Прохожие на широких мостовых Тириона изумленно косились на почтившего город своим присутствием Владыку и гордо вышагивающую рядом с ним Фэйниель…
…Вэридэ Элинхоару Н'лайрэ, Королева Древних, прекраснейшая из айнуров, примеряла новое ожерелье, дар Кователя. Огромное, во всю стену покоя, зеркало послушно отразило уложенные в высокую прическу серебристые волосы, искрящиеся при каждом повороте серебристое платье, переплетение матового серебра и туманно-переливчатых камней на безукоризненной шее. Темно-синие глаза сверкали ярче самоцветов в ожерелье. Да, Аллан превзошел сам себя. Или это придумала его новая ученица? То маленькое уродливое существо? Бедное дитя…
* * *
Платье, лежавшее на столике, словно просило: «примерь меня». Чудесное платье, белое, искусно расшитое цветами и травами по горловине и подолу, с узкими рукавами и струящейся юбкой. Я задумчиво погладила мягкую ткань и усмехнулась. Так вот на что намекала мачеха, многозначительно улыбаясь и делая страшные глаза, когда шел разговор о Празднике Урожая. Отец стойко отмалчивался, братцы деловито очищали тарелки: Нолофинвэ — демонстративно не прислушиваясь к «женской болтовне», Арафинвэ, по своему обыкновению, витая в облаках. Вряд ли наше златокудрое «сокровище» замечало, что именно ест. В голове маленького паршивца вызревала очередная душещипательная баллада. Убила б за такие песни! Его же лютней.

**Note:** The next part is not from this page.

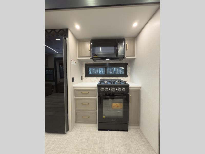 With any Wildwood Heritage Glen fifth wheel by Forest River, the quality construction, attention to detail and design along with a bright and welcoming interior allows you to relax in comfort. You'll love the high-end solid surface countertops included in the Elevated Value Package, along with a JBL sound system, full-length barreled ceilings, and an ultimate interior lighting upgrade. The included Expedition Package features an Accesibelly underbelly panel with 12V tank heaters, nitrogen-filled tires with aluminum rims, and a spacious 30" wide main entry door with a window. The Lippert On-The-Go ladder prep and back-up camera prep let you customize your fifth wheel even more, and the LED awning, front cap, marker and taillights will make it easier than ever to set up camp!
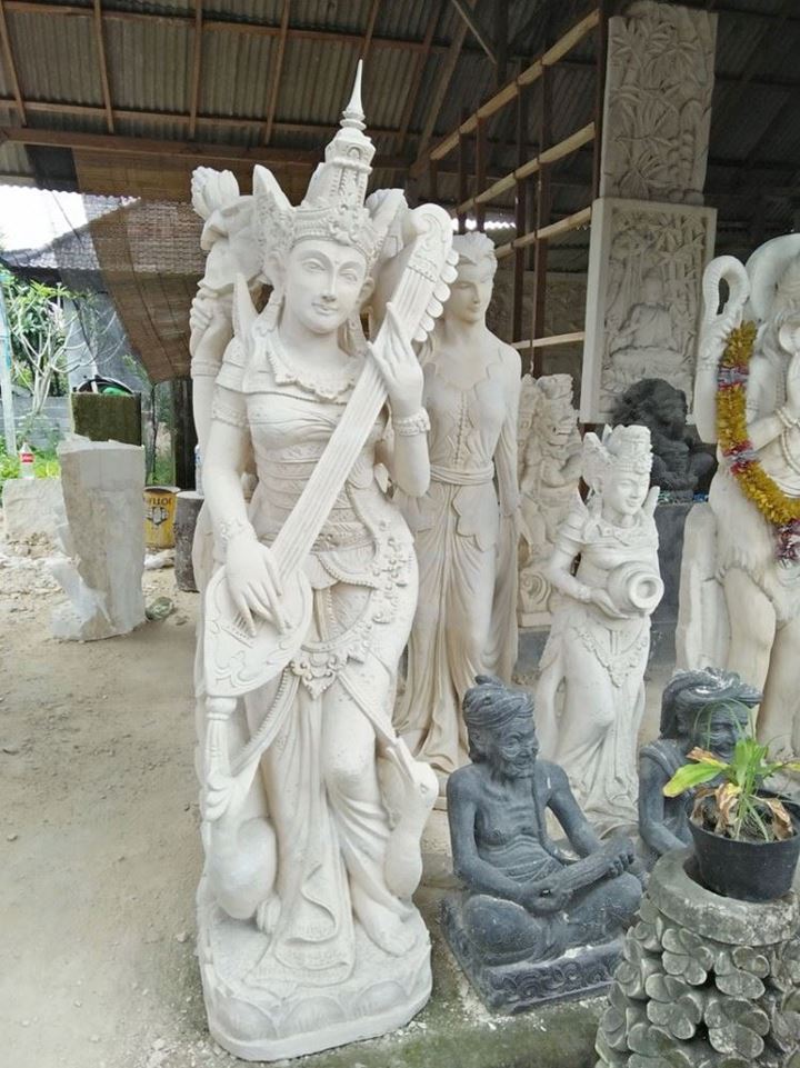 Patung Batu Bali Motif Dewi Saraswati. Terbuat dari bahan batu paras Jogja.

Скривившись, я надела платье и отдернула с зеркала тряпку (вездесущая пыль и собственный дивный облик по утрам — что может быть хуже? Разве что Дагор Дагоррат, Последняя Битва, коим нас любил пугать Деглин-Воитель). Да, чудный подарок. И, что называется, от чистого сердца… Зеркало, вышедшее из рук моего наставника, не лжет, — с его мерцающей поверхности на меня смотрела высокая девица с заплетенной на скорую руку косой, цветом не уступавшей снегу, угрюмо поджатыми губами и мучнисто-бледным лицом. Печальный призрак, да и только. Платье на этой образине висит мешком, хотя вроде бы и моего размера… и смотрится столь же уместно, как намотанные на меч кружева. Обвинять Индис бесполезно, она всегда желала мне добра и искренне пыталась помочь несчастной сироте — на свой лад. Эру с ней, умом жена отца никогда не блистала.
Дверь осторожно приоткрылась — Индис, кто же еще… Я спешно сменила брезгливую гримасу на дружелюбную улыбку. Мачеха всплеснула руками — как, до начала праздника два часа, а я еще не готова? «Ах, видит Эру, нельзя быть такой равнодушной!» Усадив меня на стул, она вооружилась гребнем и шкатулкой с драгоценностями. Закрыв глаза, чтобы не смотреть лишний раз в зеркало, и стараясь не вздрагивать от прикосновения чужих рук, я слушала шелест ее платья и тихие вздохи…
…Из дворца мы выходили вместе: впереди — отец с мачехой. Король и королева. Величественные и прекрасные. Индис сияла, словно драгоценная статуэтка моей работы, пышные золотистые волосы переплетены цепочками с крохотными капельками алмазов, платье небесной голубизны, огромные голубые глаза, ласковая и безмятежная улыбка. Отец, со строгим обручем на гордой голове… Черные волосы падают на синюю мантию… Братья: старательно копирующий походку отца Нолофинвэ, надменно задравший нос (право слово, иногда следует все же смотреть под ноги — а вдруг камешек?), исполненный достоинства Арафинвэ, с неизменной лютней за плечами. Сладкоголосый наш… И впереди братьев — я. Словно кол проглотив. Об особенности моего взгляда промолчу. Мачеха лучше выразилась: «Ты, дитя мое, и птицу на лету заморозишь». Мастер цеха ювелиров, ученица самого Аллана. Ненормальная — какая нормальная девушка выберет делом своей жизни столь «неженскую» работу? Уважаемая — кто сделает лучше? Выше голову, Фэйниель!
Наш путь лежал к Вратам Переноса — арке на главной площади, пройдя сквозь которую, силой волшебства Древних мы оказались бы в Валмаре, городе Владык. Врата открывались лишь по большим праздникам, чтобы все подданные Короля Мира смогли попасть в город, не тратя времени на дорогу.
Ваниарам, сородичам Индис, конечно, Врата не требовались, — возлюбленное Повелителем Ветров племя испокон веков обитало близ Таникветила, у подножия которого раскинулась столица Валинора. А вот нам и телери пришлось бы изрядно натрудить ноги.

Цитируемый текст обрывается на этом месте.